After what felt like an eternity to me (perhaps two or three seconds), Gates responded to my question. At first, Gates' answer disappointed me, because he started with how the Net is indeed a marvelous medium for reaching out across the country and the world, for interacting with folks you might otherwise never meet. But then, as it seemed he was going to ignore the thrust of my question, he paused again and focused his eyes back towards me. Gates remarked on how college campuses have reacted to the Internet over the years: As some of the first public institutions to take advantage of the Net, universities were often wired to the hilt, with access in classrooms, libraries and dorms. In turn, the proliferation of infrastructure made it easier for students and faculty to have access to the Internet, and to thus use it as a tool for instruction, for organizing local events, for hosting activist meetings. The campus infrastructure had achieved the critical mass needed for an engaged and technologically literate online community. This, he said, should be a model for our other communities, such as towns and neighborhoods.
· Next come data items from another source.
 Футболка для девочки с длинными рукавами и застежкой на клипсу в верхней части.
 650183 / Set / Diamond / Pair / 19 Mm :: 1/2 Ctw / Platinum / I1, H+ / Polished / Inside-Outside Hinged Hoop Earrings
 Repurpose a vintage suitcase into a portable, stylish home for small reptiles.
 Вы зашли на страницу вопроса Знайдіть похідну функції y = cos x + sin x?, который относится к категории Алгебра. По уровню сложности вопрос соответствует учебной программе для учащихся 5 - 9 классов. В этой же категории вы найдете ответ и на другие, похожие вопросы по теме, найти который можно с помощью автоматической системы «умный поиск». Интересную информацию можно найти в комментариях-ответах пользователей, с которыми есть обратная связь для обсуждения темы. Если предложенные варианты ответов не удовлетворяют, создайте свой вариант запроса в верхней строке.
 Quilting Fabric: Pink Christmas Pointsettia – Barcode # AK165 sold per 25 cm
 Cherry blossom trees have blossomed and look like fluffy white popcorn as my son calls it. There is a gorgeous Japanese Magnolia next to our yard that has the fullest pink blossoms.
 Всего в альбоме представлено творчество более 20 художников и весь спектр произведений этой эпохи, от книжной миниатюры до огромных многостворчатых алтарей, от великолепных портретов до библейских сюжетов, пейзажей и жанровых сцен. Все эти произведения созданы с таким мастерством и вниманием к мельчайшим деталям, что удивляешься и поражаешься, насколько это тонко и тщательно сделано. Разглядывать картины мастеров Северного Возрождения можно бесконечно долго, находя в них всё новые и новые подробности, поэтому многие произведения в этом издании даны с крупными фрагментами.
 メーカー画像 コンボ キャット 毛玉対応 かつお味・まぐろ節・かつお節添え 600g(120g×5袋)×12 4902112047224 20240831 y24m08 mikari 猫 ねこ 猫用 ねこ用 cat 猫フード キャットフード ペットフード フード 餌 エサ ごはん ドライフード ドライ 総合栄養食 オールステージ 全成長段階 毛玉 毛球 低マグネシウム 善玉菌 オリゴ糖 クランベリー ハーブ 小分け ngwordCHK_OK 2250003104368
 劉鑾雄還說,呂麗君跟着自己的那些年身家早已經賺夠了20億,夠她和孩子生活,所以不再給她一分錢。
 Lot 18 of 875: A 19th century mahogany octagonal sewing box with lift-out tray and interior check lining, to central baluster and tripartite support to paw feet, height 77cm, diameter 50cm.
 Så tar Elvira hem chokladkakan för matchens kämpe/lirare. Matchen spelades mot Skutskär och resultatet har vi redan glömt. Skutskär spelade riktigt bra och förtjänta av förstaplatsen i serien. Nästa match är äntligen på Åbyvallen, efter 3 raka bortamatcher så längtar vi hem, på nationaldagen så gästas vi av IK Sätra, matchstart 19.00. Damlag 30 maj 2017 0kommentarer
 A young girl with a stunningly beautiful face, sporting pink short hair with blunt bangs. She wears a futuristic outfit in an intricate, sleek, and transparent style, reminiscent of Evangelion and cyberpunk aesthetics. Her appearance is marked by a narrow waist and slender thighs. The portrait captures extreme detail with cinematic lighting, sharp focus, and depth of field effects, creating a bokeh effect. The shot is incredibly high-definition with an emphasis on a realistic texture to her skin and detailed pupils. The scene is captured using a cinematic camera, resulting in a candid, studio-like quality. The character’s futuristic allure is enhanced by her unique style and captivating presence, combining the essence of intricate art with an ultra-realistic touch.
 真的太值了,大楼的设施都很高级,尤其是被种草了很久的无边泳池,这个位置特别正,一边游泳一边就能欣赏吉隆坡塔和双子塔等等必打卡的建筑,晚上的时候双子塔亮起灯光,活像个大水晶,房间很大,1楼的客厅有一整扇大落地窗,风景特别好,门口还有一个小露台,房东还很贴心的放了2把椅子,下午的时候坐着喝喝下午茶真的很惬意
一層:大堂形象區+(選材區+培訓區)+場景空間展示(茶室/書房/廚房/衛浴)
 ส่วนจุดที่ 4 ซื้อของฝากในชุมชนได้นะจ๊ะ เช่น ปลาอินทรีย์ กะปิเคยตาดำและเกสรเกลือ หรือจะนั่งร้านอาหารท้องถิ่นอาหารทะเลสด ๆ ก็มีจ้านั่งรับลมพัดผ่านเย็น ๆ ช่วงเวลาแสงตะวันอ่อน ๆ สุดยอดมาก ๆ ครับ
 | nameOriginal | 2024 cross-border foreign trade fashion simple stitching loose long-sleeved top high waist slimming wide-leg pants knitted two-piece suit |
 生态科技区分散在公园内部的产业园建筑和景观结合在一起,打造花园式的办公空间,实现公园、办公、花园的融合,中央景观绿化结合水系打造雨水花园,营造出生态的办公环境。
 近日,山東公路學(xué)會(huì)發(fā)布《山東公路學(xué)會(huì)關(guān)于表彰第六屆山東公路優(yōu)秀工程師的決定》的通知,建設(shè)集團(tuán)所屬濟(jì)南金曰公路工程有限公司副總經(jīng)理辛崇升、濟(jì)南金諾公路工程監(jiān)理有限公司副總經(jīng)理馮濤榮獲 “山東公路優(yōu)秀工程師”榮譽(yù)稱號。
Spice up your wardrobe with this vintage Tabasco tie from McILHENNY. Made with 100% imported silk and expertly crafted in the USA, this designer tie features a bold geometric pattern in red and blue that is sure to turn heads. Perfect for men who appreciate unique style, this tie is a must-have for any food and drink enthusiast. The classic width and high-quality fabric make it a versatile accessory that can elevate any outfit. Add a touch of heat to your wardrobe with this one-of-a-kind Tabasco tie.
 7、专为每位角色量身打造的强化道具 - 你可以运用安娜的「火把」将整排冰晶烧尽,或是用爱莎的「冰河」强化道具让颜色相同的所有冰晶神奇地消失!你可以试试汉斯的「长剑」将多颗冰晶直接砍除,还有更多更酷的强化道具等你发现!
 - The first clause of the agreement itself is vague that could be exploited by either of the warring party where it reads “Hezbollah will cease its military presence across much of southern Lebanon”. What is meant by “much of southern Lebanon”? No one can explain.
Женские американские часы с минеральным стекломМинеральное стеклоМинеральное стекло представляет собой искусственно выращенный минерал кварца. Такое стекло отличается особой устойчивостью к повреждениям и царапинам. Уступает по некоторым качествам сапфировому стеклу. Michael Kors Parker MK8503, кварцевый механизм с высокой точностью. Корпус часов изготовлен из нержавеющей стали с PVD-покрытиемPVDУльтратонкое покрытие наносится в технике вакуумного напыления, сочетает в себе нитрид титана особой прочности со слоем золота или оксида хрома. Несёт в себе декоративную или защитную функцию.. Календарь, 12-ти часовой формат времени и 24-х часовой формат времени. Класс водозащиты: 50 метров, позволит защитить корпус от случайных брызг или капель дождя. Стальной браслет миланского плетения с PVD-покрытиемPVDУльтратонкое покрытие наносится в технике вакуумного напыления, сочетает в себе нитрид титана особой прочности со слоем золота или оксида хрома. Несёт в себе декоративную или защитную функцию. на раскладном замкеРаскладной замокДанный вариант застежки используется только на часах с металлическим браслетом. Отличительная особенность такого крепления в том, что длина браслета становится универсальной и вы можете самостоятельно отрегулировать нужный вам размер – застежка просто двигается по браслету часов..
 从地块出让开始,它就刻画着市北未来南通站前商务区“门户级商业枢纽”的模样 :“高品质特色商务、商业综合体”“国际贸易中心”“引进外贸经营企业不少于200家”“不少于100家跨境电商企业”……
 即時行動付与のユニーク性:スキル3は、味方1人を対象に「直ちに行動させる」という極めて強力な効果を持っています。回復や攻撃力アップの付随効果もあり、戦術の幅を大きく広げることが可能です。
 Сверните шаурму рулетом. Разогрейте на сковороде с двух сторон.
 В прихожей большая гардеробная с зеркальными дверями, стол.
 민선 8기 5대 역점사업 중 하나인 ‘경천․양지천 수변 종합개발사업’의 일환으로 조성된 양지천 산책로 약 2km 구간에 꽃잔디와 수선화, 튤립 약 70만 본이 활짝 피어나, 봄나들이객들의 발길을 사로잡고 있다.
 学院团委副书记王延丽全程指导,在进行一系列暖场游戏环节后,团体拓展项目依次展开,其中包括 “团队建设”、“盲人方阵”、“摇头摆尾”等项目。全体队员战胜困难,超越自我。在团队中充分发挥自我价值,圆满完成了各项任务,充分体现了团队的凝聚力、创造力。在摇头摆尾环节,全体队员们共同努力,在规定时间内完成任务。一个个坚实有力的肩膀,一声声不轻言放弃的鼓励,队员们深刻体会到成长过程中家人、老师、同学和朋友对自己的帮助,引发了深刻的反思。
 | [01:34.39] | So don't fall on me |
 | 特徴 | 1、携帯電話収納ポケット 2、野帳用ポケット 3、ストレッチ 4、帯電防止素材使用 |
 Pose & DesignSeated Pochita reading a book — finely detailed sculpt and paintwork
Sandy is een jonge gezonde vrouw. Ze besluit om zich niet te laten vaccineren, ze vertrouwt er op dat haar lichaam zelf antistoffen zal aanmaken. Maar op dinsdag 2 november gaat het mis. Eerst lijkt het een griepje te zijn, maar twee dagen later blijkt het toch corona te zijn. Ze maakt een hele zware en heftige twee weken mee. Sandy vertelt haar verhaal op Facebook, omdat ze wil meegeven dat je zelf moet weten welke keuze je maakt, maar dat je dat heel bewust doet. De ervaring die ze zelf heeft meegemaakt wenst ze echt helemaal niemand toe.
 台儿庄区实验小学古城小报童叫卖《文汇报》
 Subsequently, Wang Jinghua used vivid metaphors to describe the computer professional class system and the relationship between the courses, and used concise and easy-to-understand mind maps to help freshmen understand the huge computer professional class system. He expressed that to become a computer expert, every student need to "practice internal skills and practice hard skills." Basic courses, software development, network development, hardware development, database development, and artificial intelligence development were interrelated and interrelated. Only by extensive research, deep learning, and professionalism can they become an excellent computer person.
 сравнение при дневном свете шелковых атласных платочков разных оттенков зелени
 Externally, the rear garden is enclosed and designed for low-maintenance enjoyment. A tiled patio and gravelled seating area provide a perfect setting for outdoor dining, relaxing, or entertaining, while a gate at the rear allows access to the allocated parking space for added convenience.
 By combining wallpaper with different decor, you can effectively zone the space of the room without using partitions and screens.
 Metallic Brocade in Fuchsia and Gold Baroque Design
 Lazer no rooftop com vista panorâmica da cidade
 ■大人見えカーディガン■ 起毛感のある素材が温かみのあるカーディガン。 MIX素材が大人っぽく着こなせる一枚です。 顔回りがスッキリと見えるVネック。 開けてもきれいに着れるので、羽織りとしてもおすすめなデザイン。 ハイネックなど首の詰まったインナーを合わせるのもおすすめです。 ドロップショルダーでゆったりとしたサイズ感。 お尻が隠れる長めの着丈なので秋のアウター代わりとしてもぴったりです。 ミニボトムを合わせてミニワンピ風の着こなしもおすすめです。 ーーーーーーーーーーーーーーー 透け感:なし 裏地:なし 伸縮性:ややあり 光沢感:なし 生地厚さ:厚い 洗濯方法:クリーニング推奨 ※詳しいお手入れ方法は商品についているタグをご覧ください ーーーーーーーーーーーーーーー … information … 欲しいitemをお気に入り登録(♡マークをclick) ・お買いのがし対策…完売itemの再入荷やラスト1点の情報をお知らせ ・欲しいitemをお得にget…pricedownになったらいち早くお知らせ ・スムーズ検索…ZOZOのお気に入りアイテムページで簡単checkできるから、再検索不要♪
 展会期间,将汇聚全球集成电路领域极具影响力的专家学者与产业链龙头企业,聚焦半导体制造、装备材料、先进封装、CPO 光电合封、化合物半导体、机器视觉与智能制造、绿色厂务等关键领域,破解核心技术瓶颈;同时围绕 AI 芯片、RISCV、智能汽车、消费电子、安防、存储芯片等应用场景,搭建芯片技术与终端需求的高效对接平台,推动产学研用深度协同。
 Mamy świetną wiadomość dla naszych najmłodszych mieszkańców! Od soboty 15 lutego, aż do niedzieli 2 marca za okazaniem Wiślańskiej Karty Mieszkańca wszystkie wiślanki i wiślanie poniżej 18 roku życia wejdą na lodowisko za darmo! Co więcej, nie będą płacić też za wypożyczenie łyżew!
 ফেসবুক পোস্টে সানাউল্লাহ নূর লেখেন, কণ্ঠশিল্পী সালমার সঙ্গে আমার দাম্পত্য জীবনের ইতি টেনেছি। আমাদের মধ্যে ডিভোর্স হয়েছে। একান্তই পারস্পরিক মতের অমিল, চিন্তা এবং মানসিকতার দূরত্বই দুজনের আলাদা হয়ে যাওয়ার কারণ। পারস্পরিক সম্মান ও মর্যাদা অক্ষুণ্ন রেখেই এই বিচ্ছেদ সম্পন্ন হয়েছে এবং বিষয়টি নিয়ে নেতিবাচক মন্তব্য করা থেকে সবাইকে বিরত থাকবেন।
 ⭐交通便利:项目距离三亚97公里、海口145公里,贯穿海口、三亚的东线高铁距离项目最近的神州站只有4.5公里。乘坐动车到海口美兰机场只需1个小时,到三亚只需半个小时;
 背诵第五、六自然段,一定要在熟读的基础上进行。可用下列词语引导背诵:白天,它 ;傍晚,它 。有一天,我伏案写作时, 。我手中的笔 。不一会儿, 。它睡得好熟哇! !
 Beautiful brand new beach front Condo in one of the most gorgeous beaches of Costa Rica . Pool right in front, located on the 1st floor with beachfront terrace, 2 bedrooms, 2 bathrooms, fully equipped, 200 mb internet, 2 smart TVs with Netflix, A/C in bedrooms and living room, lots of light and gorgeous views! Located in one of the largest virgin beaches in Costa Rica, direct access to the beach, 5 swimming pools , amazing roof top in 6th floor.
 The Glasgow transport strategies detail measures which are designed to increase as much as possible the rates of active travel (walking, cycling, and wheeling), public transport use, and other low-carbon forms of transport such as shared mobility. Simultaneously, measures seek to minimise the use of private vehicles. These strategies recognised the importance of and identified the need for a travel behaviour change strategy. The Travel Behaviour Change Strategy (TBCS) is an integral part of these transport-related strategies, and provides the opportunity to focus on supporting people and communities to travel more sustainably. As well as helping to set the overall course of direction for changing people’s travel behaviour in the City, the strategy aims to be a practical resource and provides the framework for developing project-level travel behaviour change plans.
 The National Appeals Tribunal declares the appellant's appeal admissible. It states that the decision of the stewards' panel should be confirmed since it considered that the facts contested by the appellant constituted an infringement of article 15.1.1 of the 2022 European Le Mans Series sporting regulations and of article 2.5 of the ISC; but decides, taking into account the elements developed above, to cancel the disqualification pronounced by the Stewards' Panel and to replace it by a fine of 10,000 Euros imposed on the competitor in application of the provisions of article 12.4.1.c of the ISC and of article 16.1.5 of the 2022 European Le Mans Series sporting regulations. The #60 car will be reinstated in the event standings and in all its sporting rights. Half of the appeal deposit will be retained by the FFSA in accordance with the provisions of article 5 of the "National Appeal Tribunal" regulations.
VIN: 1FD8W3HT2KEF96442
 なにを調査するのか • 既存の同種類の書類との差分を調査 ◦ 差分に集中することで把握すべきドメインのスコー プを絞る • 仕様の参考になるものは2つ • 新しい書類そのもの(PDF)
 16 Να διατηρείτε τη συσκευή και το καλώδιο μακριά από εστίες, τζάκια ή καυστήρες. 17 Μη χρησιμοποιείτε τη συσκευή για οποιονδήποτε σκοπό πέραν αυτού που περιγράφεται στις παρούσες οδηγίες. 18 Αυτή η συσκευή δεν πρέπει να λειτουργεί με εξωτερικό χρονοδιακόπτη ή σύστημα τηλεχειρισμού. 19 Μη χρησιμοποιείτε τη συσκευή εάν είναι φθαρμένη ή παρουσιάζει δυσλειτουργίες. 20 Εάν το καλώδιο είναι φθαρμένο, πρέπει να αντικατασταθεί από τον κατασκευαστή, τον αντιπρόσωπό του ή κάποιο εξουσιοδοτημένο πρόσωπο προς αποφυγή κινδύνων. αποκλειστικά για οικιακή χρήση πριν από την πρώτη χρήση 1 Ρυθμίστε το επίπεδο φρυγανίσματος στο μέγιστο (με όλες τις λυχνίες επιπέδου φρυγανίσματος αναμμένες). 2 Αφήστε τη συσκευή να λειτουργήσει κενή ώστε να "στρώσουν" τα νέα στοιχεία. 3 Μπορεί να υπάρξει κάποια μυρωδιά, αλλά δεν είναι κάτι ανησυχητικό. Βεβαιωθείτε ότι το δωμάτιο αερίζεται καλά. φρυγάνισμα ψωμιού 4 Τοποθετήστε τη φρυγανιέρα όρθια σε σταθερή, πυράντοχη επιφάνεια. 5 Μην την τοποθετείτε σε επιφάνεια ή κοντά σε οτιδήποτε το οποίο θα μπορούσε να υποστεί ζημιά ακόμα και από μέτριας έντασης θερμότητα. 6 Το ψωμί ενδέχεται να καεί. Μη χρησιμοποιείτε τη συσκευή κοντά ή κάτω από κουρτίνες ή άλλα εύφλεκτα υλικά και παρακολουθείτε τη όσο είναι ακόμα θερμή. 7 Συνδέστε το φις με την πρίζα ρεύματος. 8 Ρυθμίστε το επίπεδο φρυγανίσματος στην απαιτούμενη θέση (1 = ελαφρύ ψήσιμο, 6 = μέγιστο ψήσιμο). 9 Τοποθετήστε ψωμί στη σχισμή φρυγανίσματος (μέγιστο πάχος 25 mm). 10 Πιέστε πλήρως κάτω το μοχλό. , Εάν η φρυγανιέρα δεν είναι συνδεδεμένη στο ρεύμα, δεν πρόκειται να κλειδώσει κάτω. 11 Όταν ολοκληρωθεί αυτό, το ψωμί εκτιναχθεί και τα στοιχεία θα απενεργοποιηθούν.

The greater the participation, the greater the community, and the public library as a hub for that participation was a great start.
He continued by describing how the Internet can be used to eliminate local bureaucracies and increase communication efficiencies between the government and its citizenry. For example, if a person needed a permit for adding an extension to their house, instead of having to run around town from office to office, trying to find the right forms and signatures, he or she could log on, search the zoning and permits database and register their permit in the comfort of home.
At this point, another voice droned in over the PA system:
"That's all the time we have today - thank you all for coming. And thank you, Bill Gates and Darrell Green..."If she hadn't spoken up, I think Gates would have continued on the subject for a bit longer. But either way, Bill Gates had answered my question, as extemporaneous as it was, in what appeared to be a thoughtful and unrehearsed manner. And perhaps somewhat egotistically, I was glad he said pretty much what I would have said. I was immensely pleased with myself.
At the end of June, I'll be heading off to Seattle for the National Educational Computing Conference. As luck would have it, Bill Gates is speaking as the keynote. I'm sure there will be another Few Minutes for Questions at that gathering as well. That gives me three weeks to prepare for my follow-up.